Réalisé par Baltasar Kormakur

 

Avec Idris Elba, Sharlto Copley, Iyana Halley, Leah Jeffries, Martin Munro, Thalepo Sebogodi, Chris Langa, Tafara Nyatsanza, Ronald Mkwanazi

 

THEMA MAMMIFÈRES

Baltasar Kormarkur est un réalisateur d’origine islandaise, signataire de plusieurs longs-métrages d’abord sur sa terre natale puis à Hollywood, parmi lesquels on se souvient notamment de 1010 Reykjavik, Contrebande, Everest ou A la dérive. Un point commun relie plusieurs de ces films : le thème de l’individu contraint de revenir à ses instincts les plus primitifs pour survivre dans un environnement naturel hostile. Rarement ce motif fut traité de manière aussi frontale que dans Beast, dont le concept se résume finalement à peu de choses : pour sauver sa famille, un homme doit se débarrasser de son costume de citoyen civilisé pour retrouver son animalité la plus élémentaire. D’emblée, nous sommes saisis par la magnifique photographie de Philippe Rousselot, sublimant les extérieurs naturels africains où fut tourné le film, et par la bande originale mi-tribale mi-lyrique de Steven Price (Gravity, Suicide Squad). C’est dans ce cadre qu’entrent en scène nos trois personnages principaux, le docteur Nate Samuels (Idris Elba) et ses deux filles adolescentes Meredith (Iyana Halley) et Norah (Leah Jeffries). L’équilibre de cette famille est instable, les tensions sont palpables. La mère tant aimée, originaire d’Afrique du Sud, est morte depuis peu, et c’est un regard accusateur que les filles portent sur leur père. Pourquoi l’a-t-il quittée avant son décès ? Pourquoi n’a-t-il pas compris qu’elle était malade ? Pourquoi n’a-t-il pas pris ses responsabilités ? Ce trio dysfonctionnel s’installe dans une réserve naturelle gérée par « l’oncle Martin » (Sharlto Copley) dont la bonhomie et la bienveillance apaisent un peu les douleurs encore à vif.

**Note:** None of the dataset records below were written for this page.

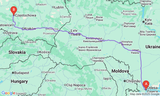Скільки триває поїздка Одеса — Ченстохова?
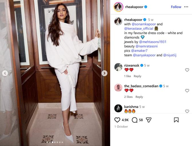 IMAGE: Take a cue from Sonam Kapoor, who turns basics into a fashion moment. She wears an oversized sweatshirt with a draped skirt and pumps, proving that couture can totally be comfy. Photograph: Kind courtesy Rhea Kapoor/Instagram
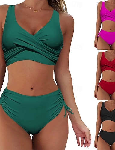 Damen Bikini 2-Teilig Badeanzug Rüsche Frech Bauch Kontrolle Hohe Taille Slim Rückenfrei Urlaubs Strandbekleidung Einfarbig V-Ausschnitt Ärmellos Bademode
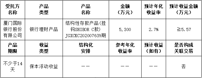 委托理財產(chǎn)品名稱:結構性存款產(chǎn)品(掛鉤SHIBOR C款)JGXCKC202007639期。
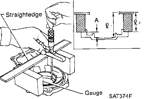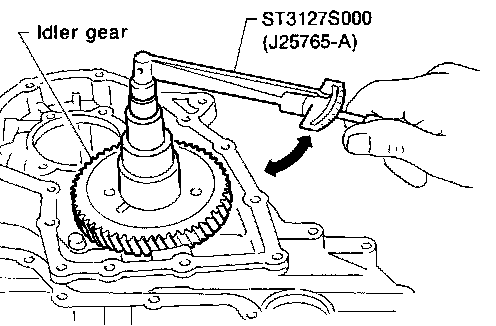 "A": Distance between the surface of idler gear bearing inner race and the adjusting shim mating surface of reduction pinion gear.
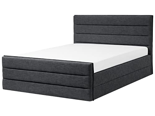 Lit double tissu gris foncé 180x200 cm tête de lit rembourré...
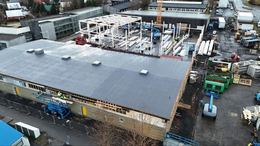 Framkvæmdir vegna stækkunar verknámsaðstöðu við FB ganga vel. Í byggingu eru tvö ný smiðjuhús auk þess sem skipt var um þak, glugga og hurðir í gömlu smiðjunni. Búið er að loka öðru af nýju húsunum og er grindin af því seinna langt komin. Með nýbyggingunum mun verknámsaðstaða við FB meira en tvöfaldast en þar verður aðstaða fyrir húsasmíði, rafvirkjun og listgreinar og er áætlað að hefja þar kennslu í janúar 2027.
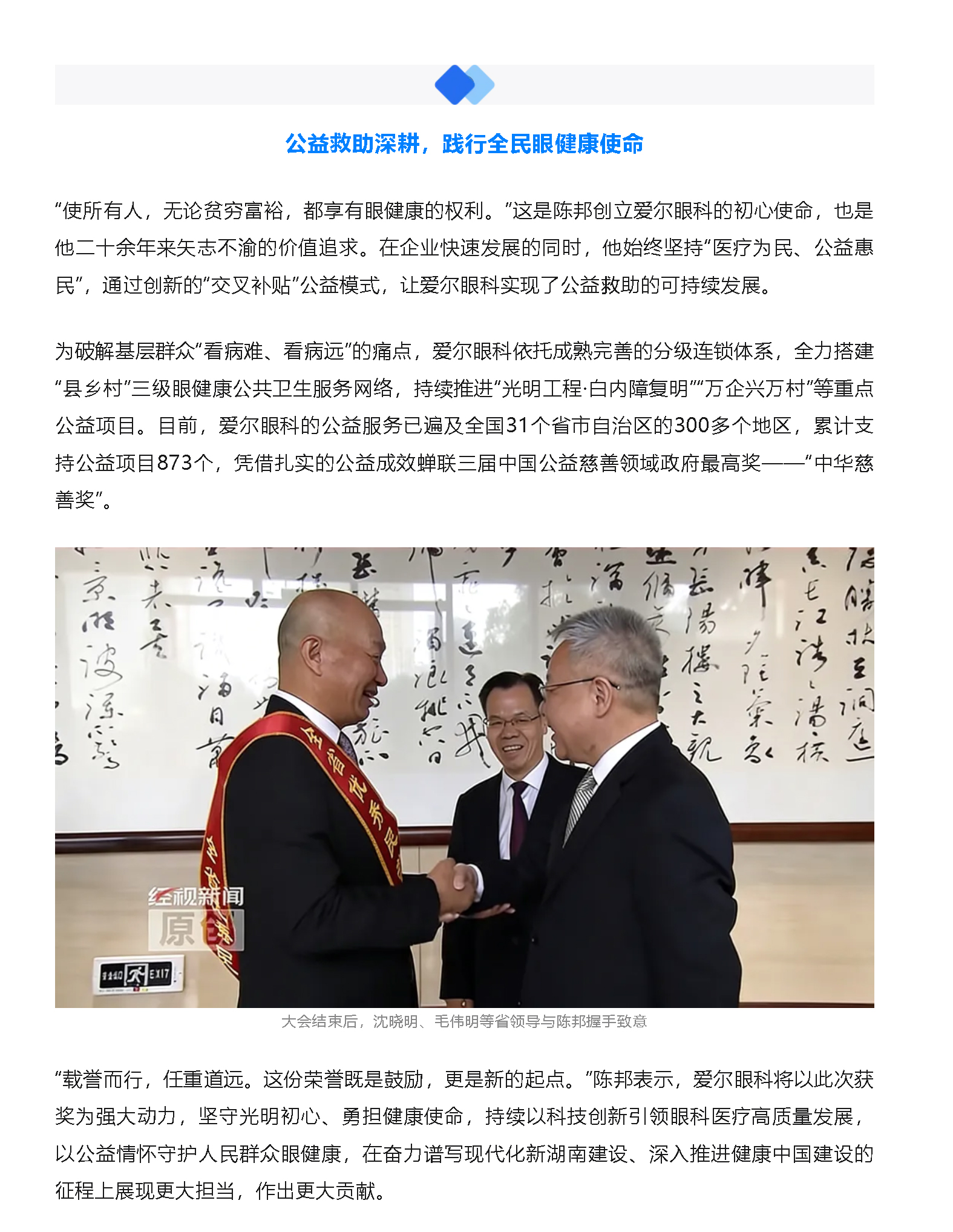 湖南“新春第一会”召开,授予爱尔眼科董事长陈邦等100人“新湖南贡献奖全省优秀民营企业家”称号
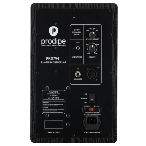 Powerful and bi-amplified (70 + 35 Watts RMS), equipped with a 16.5cm (6.5-inch) woofer and a bass-reflex port on the front, the Pro7 V4s will give you a more consistent bass response than a 5-inch (while avoiding the boomy sound of an 8-inch), as well as easy placement close to your listening point. Equipped with a new neodymium dome tweeter (1 inch) and new electronics, you’ll get even more precision, speed, dynamics and presence to tackle all the styles of the moment in the studio!
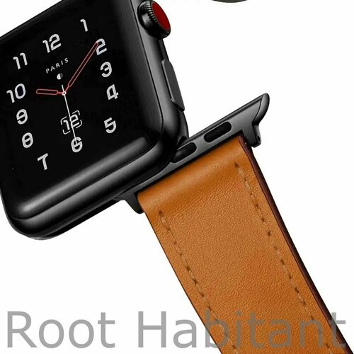 Кожаный ремешок для Apple Watch 3 4 5 6 7 8 9 SE Ultra, в корпусах 42, 44, 45, 49. Светло-Коричневый / Неrmеs Brown BF (Черная Фурнитура)

Le décor étant planté et les protagonistes bien définis, le drame peut survenir. Il prend la forme d’un lion qui, ayant échappé de peu au massacre perpétré par des braconniers, s’enfuit dans la nature et décide dès lors de massacrer tous les humains qui croisent son chemin. À ceux qui pourraient reprocher au film de dresser un portrait peu flatteur du sympathique félidé à crinière, le scénario oppose d’emblée un argument irréfutable : le prédateur de Beast n’est plus un lion mais un monstre vengeur quasi-invincible, un terminator quadrupède que plus rien ne semble pouvoir arrêter. Il dépasse donc allègrement sa nature première de mammifère pour se muer en symbole d’une nature en furie prête à rendre aux humains la monnaie de leur pièce. Œil pour œil, croc pour croc. La réalisation virtuose de Baltasar Kormakur se met au service de cette intrigue ramenée volontairement à sa plus simple expression. Les nombreux longs plans-séquence qui saisissent en temps réel la grande majorité des actions du film ont un remarquable pouvoir immersif, sans pour autant que ces effets de style répétés ne soient ostentatoires. Kormarkur n’essaie pas d’en mettre plein la vue à ses spectateurs mais à les plonger au cœur de cet impitoyable conflit.

La loi de la jungle

Pour que Beast fonctionne à plein régime, il fallait bien sûr que sa créature soit crédible. De ce point de vue, la réussite est totale. Les équipes de la société d’effets visuels Framestore, supervisées par le vétéran Enrik Pavdeja (Inception, Doctor Strange, Jurassic World : Fallen Kingdom), ont conçu un « uber-lion » incroyablement réaliste. Les ébouriffantes séquences d’attaque dans les véhicules évoquent tour à tour Cujo et Jurassic Park (cette dernière référence étant assumée par le T-shirt que porte Meredith en début de métrage). Quant au duel au corps à corps entre l’homme et l’animal, il n’est pas sans rappeler l’un des plus célèbres morceaux d’anthologie de The Revenant. Ce n’est pas un hasard : en amont du tournage, Baltasar Kormakur s’est entretenu avec son collègue mexicain Alejandro González Iñárritu pour savoir quelles techniques avaient été utilisées dans la scène de combat entre Leonardo DiCaprio et un ours. Couplé à la prestation toute en retenue d’Idris Elba, des jeunes comédiennes incarnant ses filles et d’un Sharlto Copley beaucoup plus sobre que d’habitude (nous sommes loin de ses prestations chez Neil Blomkamp ou dans Hardcore Henry), ce gigantesque tour de force technique et artistique hisse Beast au niveau des meilleurs survivals de sa génération.